Fu William il primo a scattare verso la meta con il pallone in mano – allora non si poteva – ed è qui che sono state scritte le regole, poi mille volte cambiate, del rugby. Nel museo l’archivista capo Rusty McLean mostra la elegantissima barella di legno con cui venivano trasportati in infermeria gli studenti usciti malconci dal campo. «La scuola fin dal Seicento ha ospitato studenti stranieri – racconta – nello scorso secolo anche italiani: purtroppo nessun giocatore di rugby. Anche se io sono felice di chiamarmi come il vostro estremo…». In città si può ammirare la walk of fame con i nomi dei colossi della storia, nel museo ammirare l’artigiano della ditta Gilbert che ancora cuce a mano i palloni («due al giorno, ma in passato da qui ne uscivano anche otto al giorno, devo migliorare…») o la statua di bronzo di Webb Ellis che sfida le nuvole e la pioggia.
Sono tantissime le curiosità e le storie che legano Rugby al…rugby e alla storia in generale. Se la nazionale inglese veste in Bianco con una rosa rossa come emblema, ad esempio, è perché a Laurent Sheriff, il fondatore della Scuola, Elisabetta I permise di utilizzare la rosa dei Lancaster, che poi venne stampata sulla divisa originariamente candida del club. Ed è nata qui l’usanza di celebrare con un berretto (cap) le presenze in nazionale: nel 1839 la regina Adelaide arrivò in visita alla città e in suo onore gli sudenti sfilarono con un cappellino di velluto. Queen Adelaide volle assistere ad una partita e gli studenti la giocarono indossando il copricapo, dando così origine alla tradizione.

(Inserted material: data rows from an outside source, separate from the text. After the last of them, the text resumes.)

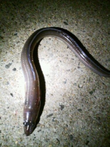 夕方、突然の土砂降り。 家事を済ませたら止んでいたので川へ。 海へ出る流れ。 エビ投入。 いいアタリをしたのはクサフグ。 フグ連発。 真っ暗になるとフグが落ち着いた。 かすかなアタリ。 細身のアナゴ。 引きずっていると、餌をくわえて手前にダッシュす…
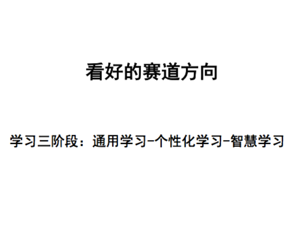學(xué)習(xí)的三階段,我們認(rèn)為原來的學(xué)習(xí)在工業(yè)的背景情況下是通用的學(xué)習(xí),后來出現(xiàn)了學(xué)大、京翰,現(xiàn)在出現(xiàn)了輕輕,他們希望能夠解決學(xué)習(xí)的個性化問題。毫無疑問,如果你將來想成為不同的人,你確實(shí)不應(yīng)該從小學(xué)到初中到高中,前面12年到16年學(xué)的都是同樣的東西,最后一年開始進(jìn)行專業(yè)化的分科,其實(shí)那個時候你已經(jīng)油鹽不進(jìn)了。我們講由學(xué)習(xí)目標(biāo)的導(dǎo)向去推學(xué)習(xí)的路徑應(yīng)該有不同的練功渠道。個性化的學(xué)習(xí)是有機(jī)會的,而且現(xiàn)在的模式也存在很多的問題和缺陷,能不能解決這個缺陷我們拭目以待,對于小班教學(xué)和大班教學(xué),智慧學(xué)習(xí)是我們希望未來能夠看到的方向,機(jī)器輔助于人解決一部分的學(xué)習(xí)問題,讓人的因素發(fā)揮更有價值。我們看好這個跑道的未來發(fā)展方向。
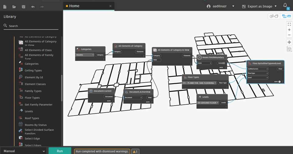 A Dynamo script was used to extract room boundaries and automatically generate floors and ceilings based on those boundary lines. This significantly sped up the process of creating interior finishes for each room with consistency and accuracy.

Si può può dire che anche la maratona di Londra ha le sue radici nel Warwickshire. A organizzare la prima edizione, nel 1981, fu infatti un altro ex allievo della Rugby School, Chris Basher, che volle riproporre in chiave moderna la «Crick Run», una delle più antiche corse del mondo nata proprio su questi prati, a Rugby sir Frank Whittle progettò la prima turbina per un jet. Il barone de Coubertin infine decise di far rinascere le Olimpiadi proprio dopo una visita a Rugby, ispirato anche da Tom Brown’s schooldays, un famosissimo libro scritto – inutile dirlo – dall’ennesimo alunno della scuola, Thomas Hughes. Secondo McLean Tom Brown, fra l’altro, non è altro che prototipo di Harry Potter: «Tim è Harry, Thomas Arnold è Albus Silente, Flashman è Malfoy e il Quidditch è una forma di football. E come accade per Harry Potter, i lettori tifano tutti per Tom».